[INFORMATION]

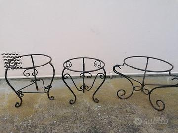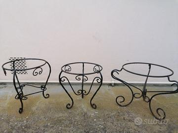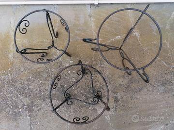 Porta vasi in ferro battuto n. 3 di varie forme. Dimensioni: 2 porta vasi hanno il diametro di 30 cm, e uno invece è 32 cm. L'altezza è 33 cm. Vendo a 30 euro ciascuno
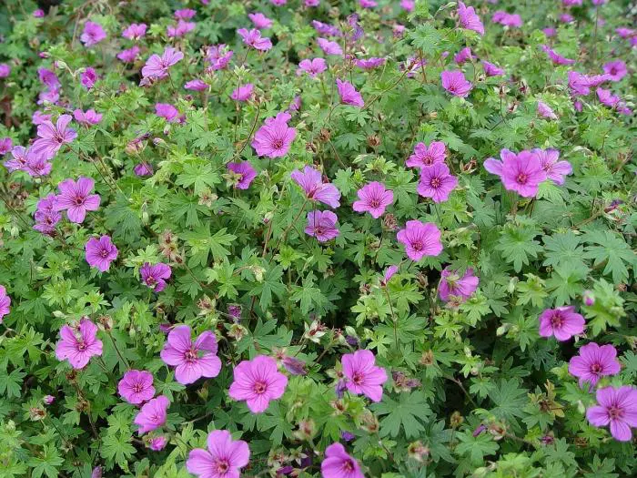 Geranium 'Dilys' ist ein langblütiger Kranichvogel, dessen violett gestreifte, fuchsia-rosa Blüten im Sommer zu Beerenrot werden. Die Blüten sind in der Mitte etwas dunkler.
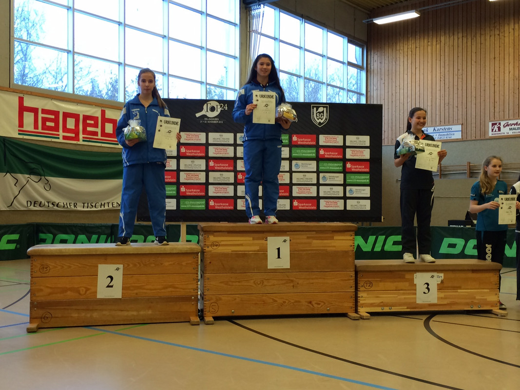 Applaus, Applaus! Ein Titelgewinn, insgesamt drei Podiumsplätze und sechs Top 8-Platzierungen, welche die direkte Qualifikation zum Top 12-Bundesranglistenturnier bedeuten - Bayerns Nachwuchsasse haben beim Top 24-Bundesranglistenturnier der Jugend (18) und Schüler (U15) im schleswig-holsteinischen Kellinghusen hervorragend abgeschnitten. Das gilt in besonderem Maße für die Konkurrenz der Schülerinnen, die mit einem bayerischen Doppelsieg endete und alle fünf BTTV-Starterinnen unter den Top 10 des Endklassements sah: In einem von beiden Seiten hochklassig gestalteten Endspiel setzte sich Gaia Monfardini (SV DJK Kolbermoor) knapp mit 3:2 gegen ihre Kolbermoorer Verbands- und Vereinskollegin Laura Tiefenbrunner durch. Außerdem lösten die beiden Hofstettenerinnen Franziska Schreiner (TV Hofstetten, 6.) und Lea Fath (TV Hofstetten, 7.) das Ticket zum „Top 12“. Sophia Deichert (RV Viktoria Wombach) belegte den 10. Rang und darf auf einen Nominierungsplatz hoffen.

[/INFORMATION]
[INFORMATION]

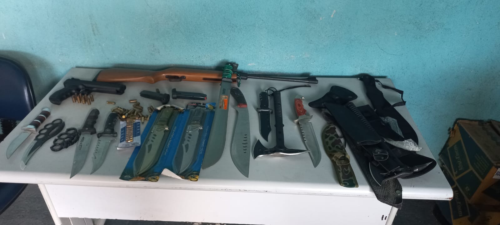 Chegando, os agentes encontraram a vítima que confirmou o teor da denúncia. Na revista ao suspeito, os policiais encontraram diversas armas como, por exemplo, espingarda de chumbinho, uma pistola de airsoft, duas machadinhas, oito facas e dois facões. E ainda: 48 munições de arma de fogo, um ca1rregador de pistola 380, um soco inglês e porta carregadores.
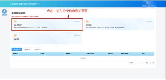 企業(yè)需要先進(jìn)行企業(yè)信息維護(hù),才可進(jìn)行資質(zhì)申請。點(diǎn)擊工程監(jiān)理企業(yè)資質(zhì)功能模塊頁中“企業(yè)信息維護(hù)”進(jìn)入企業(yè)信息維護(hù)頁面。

[/INFORMATION]

INSTRUCTIONS FOR THE TASK: Using the listing above, repeat word for word each line from the one with "Geranium 'Dilys' ist" down to the one with "Applaus, Applaus! Ein", both included. Omit all pictures.

SOLUTION TO THIS TASK:
 Geranium 'Dilys' ist ein langblütiger Kranichvogel, dessen violett gestreifte, fuchsia-rosa Blüten im Sommer zu Beerenrot werden. Die Blüten sind in der Mitte etwas dunkler.
 Applaus, Applaus! Ein Titelgewinn, insgesamt drei Podiumsplätze und sechs Top 8-Platzierungen, welche die direkte Qualifikation zum Top 12-Bundesranglistenturnier bedeuten - Bayerns Nachwuchsasse haben beim Top 24-Bundesranglistenturnier der Jugend (18) und Schüler (U15) im schleswig-holsteinischen Kellinghusen hervorragend abgeschnitten. Das gilt in besonderem Maße für die Konkurrenz der Schülerinnen, die mit einem bayerischen Doppelsieg endete und alle fünf BTTV-Starterinnen unter den Top 10 des Endklassements sah: In einem von beiden Seiten hochklassig gestalteten Endspiel setzte sich Gaia Monfardini (SV DJK Kolbermoor) knapp mit 3:2 gegen ihre Kolbermoorer Verbands- und Vereinskollegin Laura Tiefenbrunner durch. Außerdem lösten die beiden Hofstettenerinnen Franziska Schreiner (TV Hofstetten, 6.) und Lea Fath (TV Hofstetten, 7.) das Ticket zum „Top 12“. Sophia Deichert (RV Viktoria Wombach) belegte den 10. Rang und darf auf einen Nominierungsplatz hoffen.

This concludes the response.